Yet, once the parts hit integration, the assembly behavior started drifting. It wasn’t a hard failure, but a subtle, degrading inconsistency: insertion force variance and repeatability issues that only appeared after repeated cycles.
Nothing was out of tolerance.
Most teams would start by reviewing the print and re-checking the tolerance stack-up. But in precision manufacturing, the real culprit is often hidden in the boundary conditions.
This was a multi-operation Swiss machining project. The second operation required re-clamping, and our fixture referenced a surface that was convenient for machining - but it wasn't the surface that functionally constrained the part in the actual assembly. This mismatch introduced a subtle angular bias during re-clamping. CMM probing didn’t flag it because the geometry remained "within spec," but the assembly system amplified that tiny angular deviation into a noticeable force drift.
What fixed it wasn’t a tighter tolerance; it was a different reference.
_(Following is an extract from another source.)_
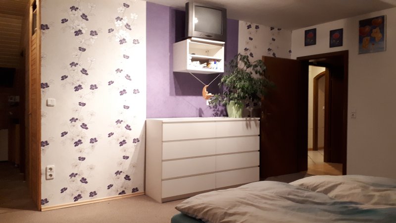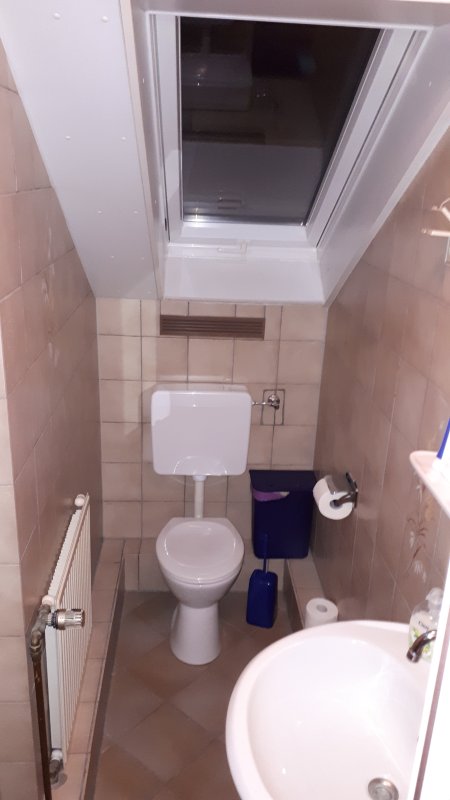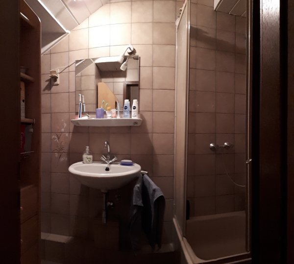 Die Wohnung befindet sich im Dach eines 2stöckigen Mehrfamilienhauses in einer ruhigen Wohnsiedlung (Sackgasse), füssläufig zum Toeppersee und guter Verkehrsinfrastrucktur. Sie wurde aus zwei Wohneinheiten zusammengelegt und hat drei unterschiedlich große Zimmer, eine Küche, einen Flur, ein kleines Duschbad mit Durchlauferhitzer und ein Wannenduschbad mit einer Gas-Kombitherme.

We redesigned the soft jaws to lock onto the functional seating surface—the one that defines the actual load path in the customer’s assembly. We didn't change the drawing or the tolerances. We simply aligned the fixture constraint with the functional intent. The drifting behavior stabilized.
One takeaway from this case:
Before you tighten tolerances (and add cost), look at your datums. Is your inspection datum the same surface that constrains the part in the field? Does your fixture force the intended axis, or merely suggest it?
“Within spec” only describes geometry at a single moment in time. Assembly is where constraint turns that geometry into behavior.